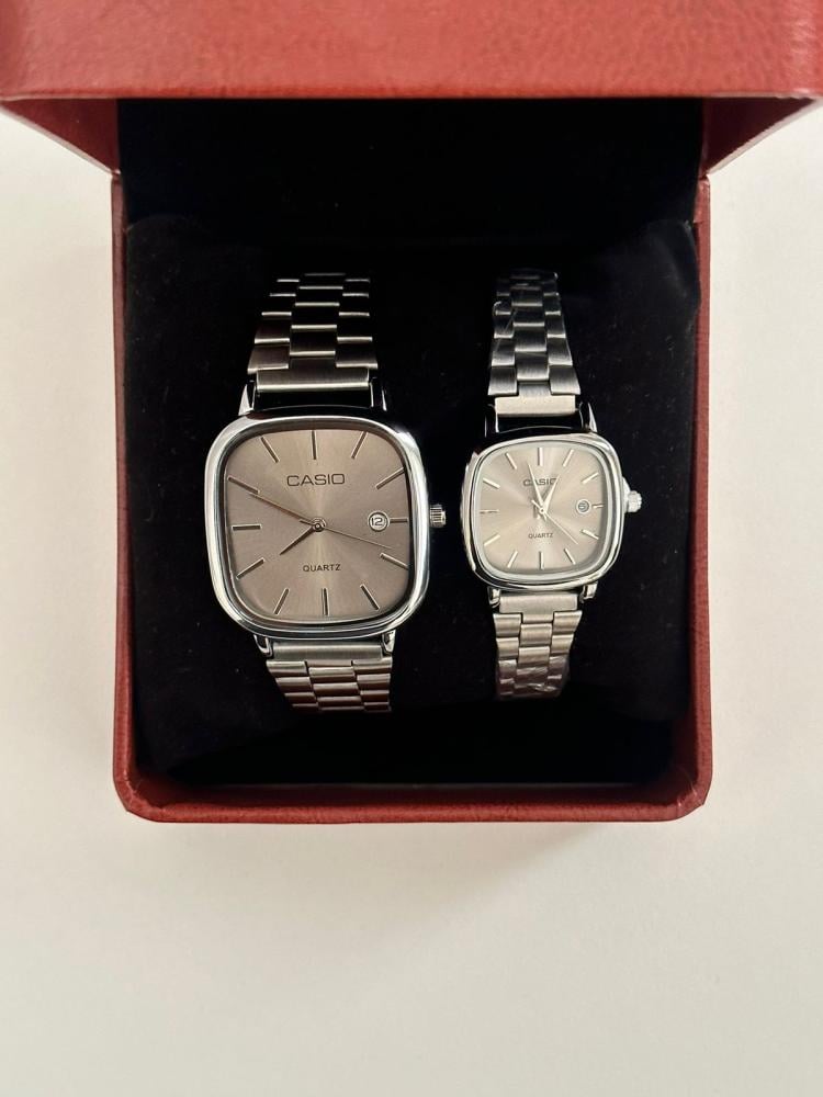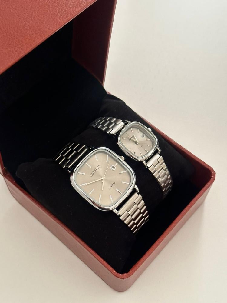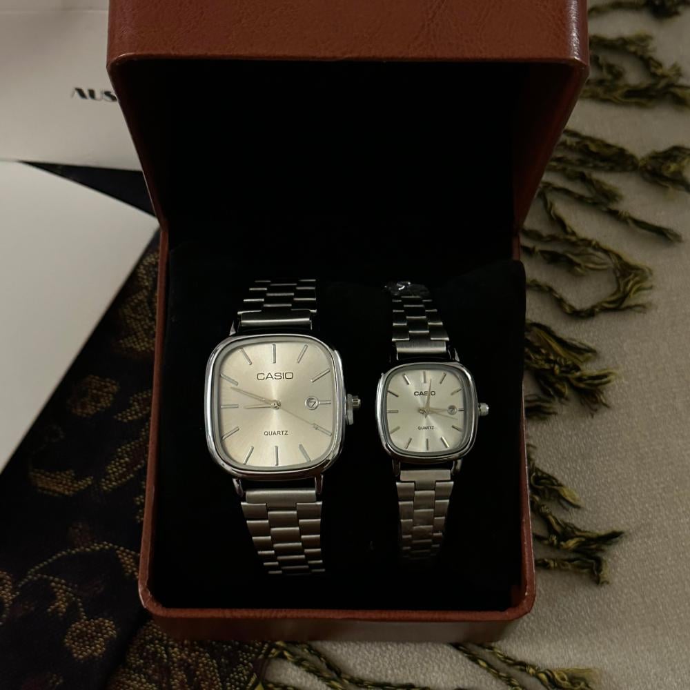 ساعة نسائي ورجالي كاسيو فضي - ميناء ابيض
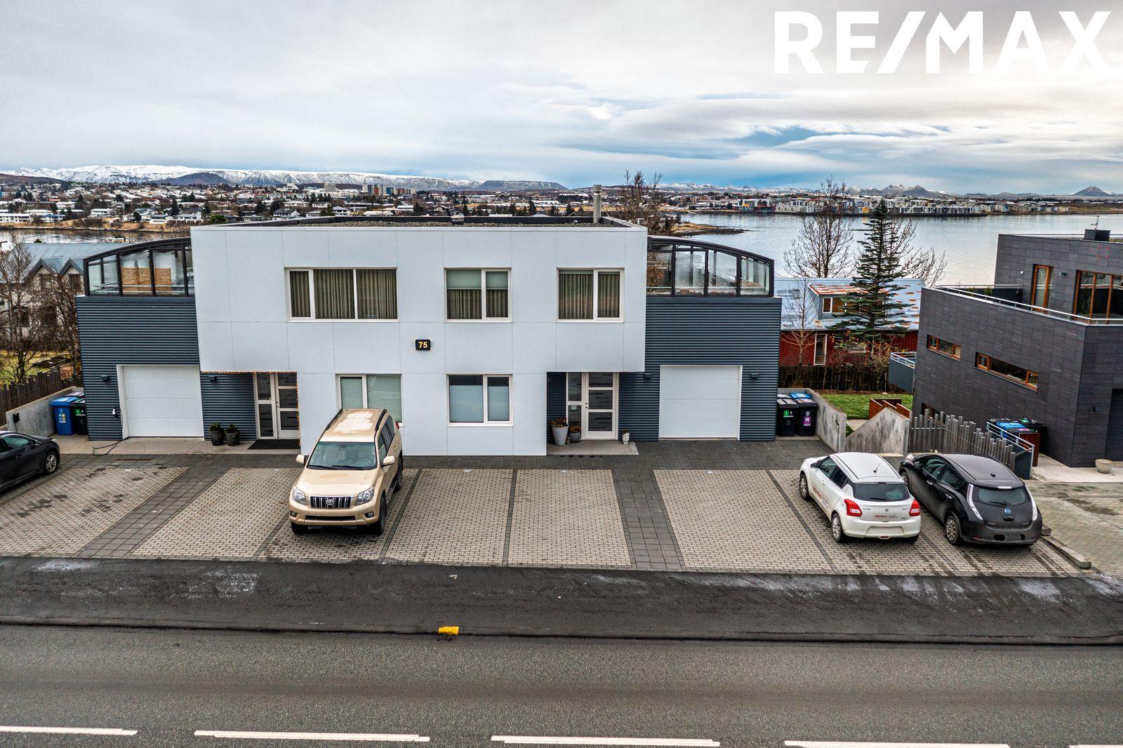 RE/MAX og Oddur fasteignasali kynna í einkasölu: Glæsilega þriggja herbergja íbúð í nýlegu fjórbýli í Kársnesinu. Íbúðin er 133,5fm með sérinngangi og verönd sem snýr í suður. Vegleg og vönduð eign þar sem öll rými eru rúmgóð og glæsileg. Gengið er niður stiga hægra megin við húsið.
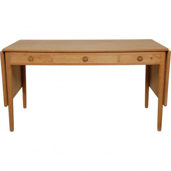 Hans Wegner AT-305 desk of veneered oiled oak with 3 drawers and two extension flaps. The table is from the 1970s but has recently been refurbished but does appear with a stain on the table top.
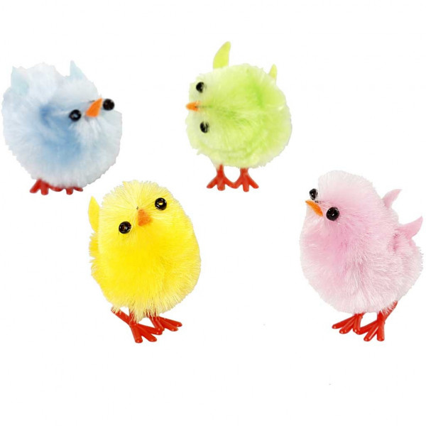 Small chickens of chenille with plastic legs.
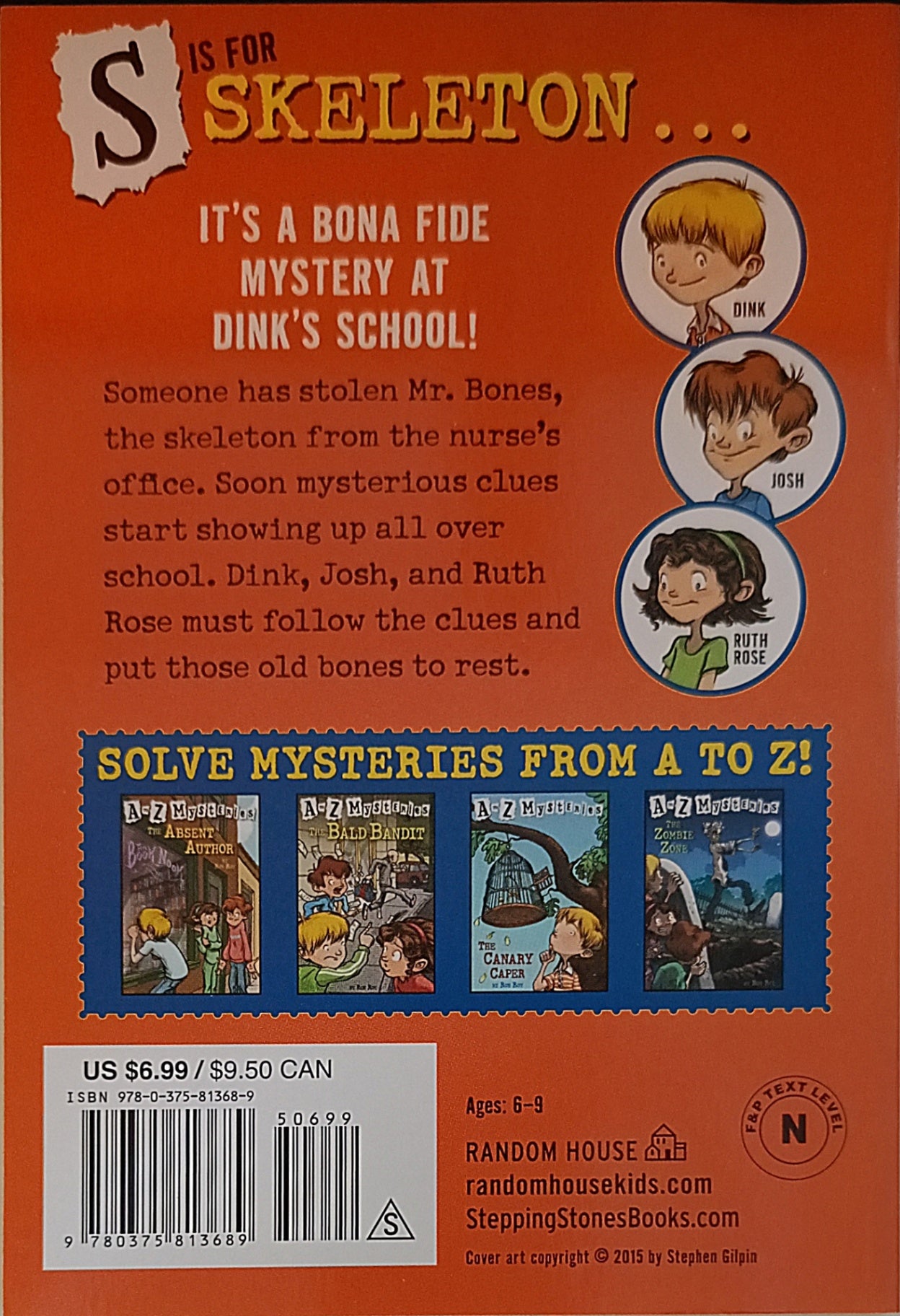 S is for Skeleton . . . Itâs a bona fide mystery at Dinkâs school! Someone has stolen Mr. Bones, the skeleton from the nurseâs office. Soon mysterious clues start showing up all over the school. Dink, Josh, and Ruth Rose must follow the clues and put those old bones to rest.
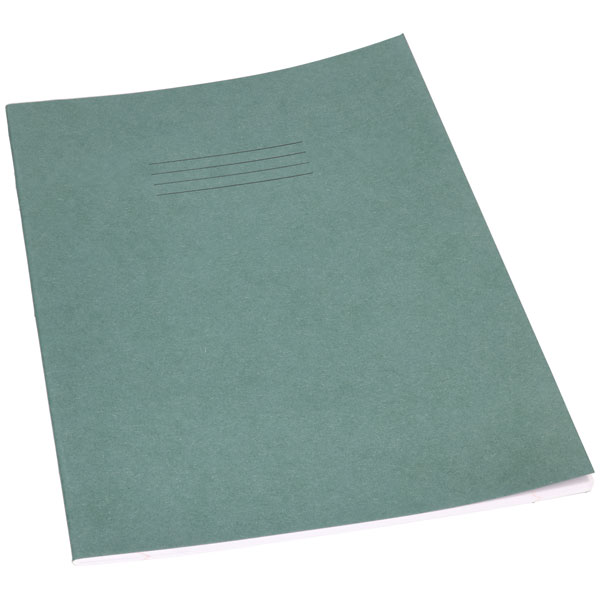 8mm ruled 80-page A4 exercise book with dark green cover, with margin.
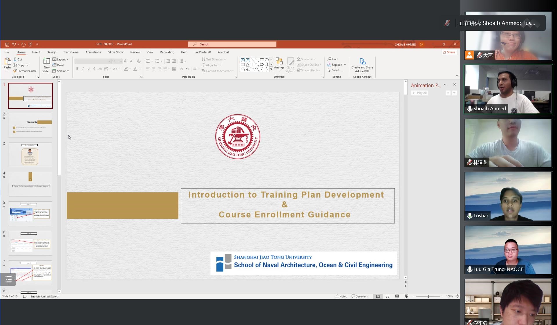 2022年9月14日,凯发官网 研究生教务办高艺、学工办学生辅导员马靖云组织2022级研究生留学生新生开展线上专业教育活动。
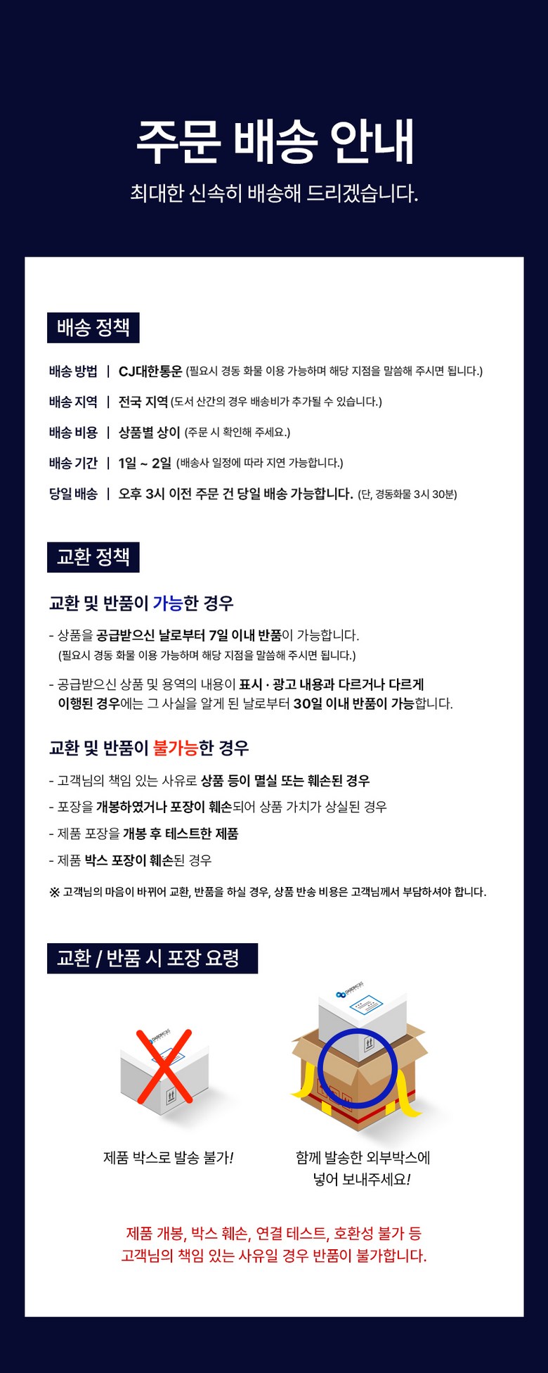 - ㆍ교환/반품에 관한 일반적인 사항은 판매자가 제시사항보다 관계법령이 우선합니다.
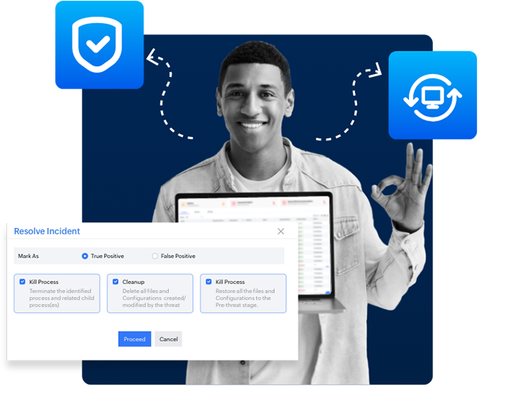 我们的人工智能和机器学习支持的检测恶意软件,擅长检测已知和未知的恶意软件,以及无文件攻击。无论设备的在线或离线状态如何,都可确保持续监控。该组件通过无缝集成静态和动态检测方法的混合模式,触发即时告警,以及时响应和保护。它采用多种检测引擎,通过准确有效地识别威胁来确保无与伦比的安全性。
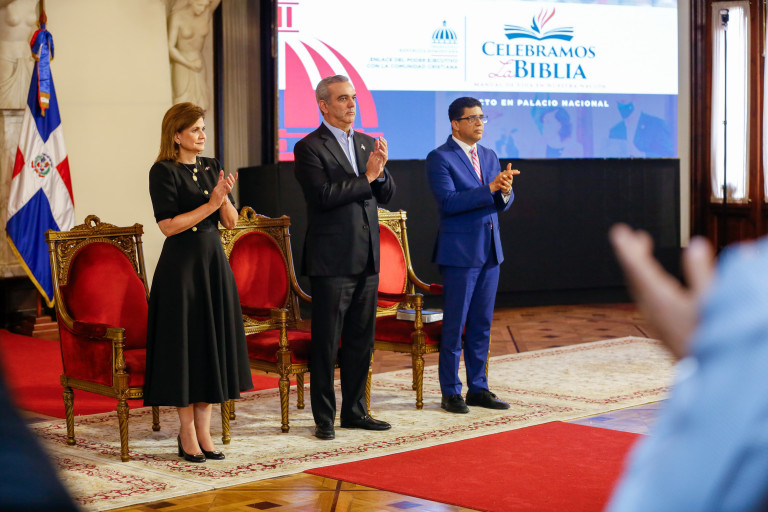 El presidente Luis Abinader y la vicepresidenta Raquel Peña asistieron al acto de conmemoración del Día Nacional de la Biblia. Santo Domingo, República Dominicana, 28 de Septiembre 2023. Vp/ Felix Hirujo

··········

Your output must reproduce the material above in full, with no pictures.

 ساعة نسائي ورجالي كاسيو فضي - ميناء ابيض
 RE/MAX og Oddur fasteignasali kynna í einkasölu: Glæsilega þriggja herbergja íbúð í nýlegu fjórbýli í Kársnesinu. Íbúðin er 133,5fm með sérinngangi og verönd sem snýr í suður. Vegleg og vönduð eign þar sem öll rými eru rúmgóð og glæsileg. Gengið er niður stiga hægra megin við húsið.
 Hans Wegner AT-305 desk of veneered oiled oak with 3 drawers and two extension flaps. The table is from the 1970s but has recently been refurbished but does appear with a stain on the table top.
 Small chickens of chenille with plastic legs.
 S is for Skeleton . . . Itâs a bona fide mystery at Dinkâs school! Someone has stolen Mr. Bones, the skeleton from the nurseâs office. Soon mysterious clues start showing up all over the school. Dink, Josh, and Ruth Rose must follow the clues and put those old bones to rest.
 8mm ruled 80-page A4 exercise book with dark green cover, with margin.
 2022年9月14日,凯发官网 研究生教务办高艺、学工办学生辅导员马靖云组织2022级研究生留学生新生开展线上专业教育活动。
 - ㆍ교환/반품에 관한 일반적인 사항은 판매자가 제시사항보다 관계법령이 우선합니다.
 我们的人工智能和机器学习支持的检测恶意软件,擅长检测已知和未知的恶意软件,以及无文件攻击。无论设备的在线或离线状态如何,都可确保持续监控。该组件通过无缝集成静态和动态检测方法的混合模式,触发即时告警,以及时响应和保护。它采用多种检测引擎,通过准确有效地识别威胁来确保无与伦比的安全性。
 El presidente Luis Abinader y la vicepresidenta Raquel Peña asistieron al acto de conmemoración del Día Nacional de la Biblia. Santo Domingo, República Dominicana, 28 de Septiembre 2023. Vp/ Felix Hirujo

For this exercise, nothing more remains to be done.